Ничего из этого Морозов, конечно, говорить Никитиной не стал. Подробно изучил отчеты Филипповой и подтвердил, что все было сделано правильно. Безутешную мать это предсказуемо не убедило, и она еще несколько раз приходила с жалобами и требованиями, даже обращалась в вышестоящие инстанции. Однако другого результата ей так никто и не смог предложить.
Все то время, пока Морозов разбирался в ситуации и отбивался от обвинений, с Никитиной была подруга – Дарья Королева. Она успокаивала ее, пыталась сдерживать особенно яростные порывы и регулярно извинялась перед Морозовым, просила понять и простить.
Морозов сам этого не ожидал, но постепенно случайное знакомство переросло в романтические отношения. В последний визит Никитиной Дарья в очередной раз задержалась, чтобы извиниться и поблагодарить его за участие и терпение. И сделала ему комплимент, назвав настоящим мужчиной, каких редко нынче встретишь.
– Даже странно, что вы не женаты, – заметила она явно игривым тоном, выразительно посмотрев на его правую руку. – Таких обычно разбирают быстро.
Морозов тогда машинально потрогал подушечкой большого пальца безымянный. Кольца не было. Он наконец снял его за полгода до этого. Не потому, что оно ему мешало. Просто хотел убедить тех, кто волновался за него, что уже дошел до стадии принятия и будет в порядке.
Его взгляд сам собой метнулся к ее руке. У нее обручальное кольцо тоже отсутствовало, хотя в самый первый визит он его точно видел. Морозов обратил на него внимание только потому, что замечать детали долгое время было главной частью его работы.
– Я в разводе, – со значением заметила она, вероятно, прочитав что‑то на его лице. – Вот как раз два дня назад все завершилось. Это на случай, если вы вдруг захотите пригласить меня на кофе. Мой номер у вас есть.

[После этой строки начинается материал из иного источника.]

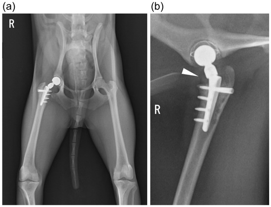 Postoperative radiographs after first total hip replacement surgery (right hip). (a) Ventrodorsal view; (b) yoga view: the stem was placed slightly proximally, as indicated by the arrowhead.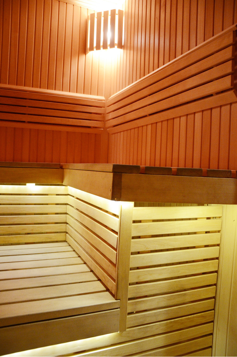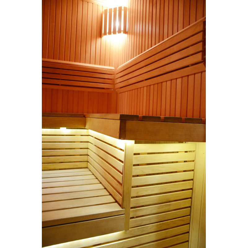 Iluminat - 2 corpuri de iluminat Harvia în colțurile superioare, iluminare cu LED alb cald sub bănci.

Номер у него действительно был, но набрал он его только пару недель спустя. Они встретились – раз, другой, третий. Сначала просто много разговаривали: она рассказывала ему про два своих неудавшихся брака, про дочерей – обе были от первого мужа, а он ей – о сыне и о том, как стал вдовцом. Она слушала, не давила, время от времени замечая, что сейчас и сама не готова к чему‑то действительно серьезному.
– Когда рушится уже второй брак, перестаешь мечтать о новом штампе в паспорте, – с улыбкой заявляла она. – Дети почти выросли. Сейчас я просто хочу наслаждаться жизнью.
Нечто подобное она говорила и после того, как их отношения перестали быть платоническими. Морозова это в целом тоже устраивало. Все же лучше, чем одному.
Когда он подъехал к дому Дарьи, она уже ждала у подъезда. Морозов даже не успел отстегнуть ремень безопасности, как она обошла машину, открыла багажник, кинула в него свою дорожную сумку и столь же проворно юркнула на переднее пассажирское сиденье.
– Ну привет, – поздоровалась весело, обдавая его запахом дорогих духов и касаясь губами в быстром поцелуе. – Рада, что мы все‑таки делаем это.
Предстоявшая короткая поездка должна была стать не просто совместной встречей нового года, но и их первым совместным отдыхом. Пусть ехали они лишь за город в гости к ее другу. Но все же на несколько дней. А они еще ни разу не проводили вместе столько времени, предпочитая эпизодические свидания, после которых даже не всегда один оставался на ночь у другого.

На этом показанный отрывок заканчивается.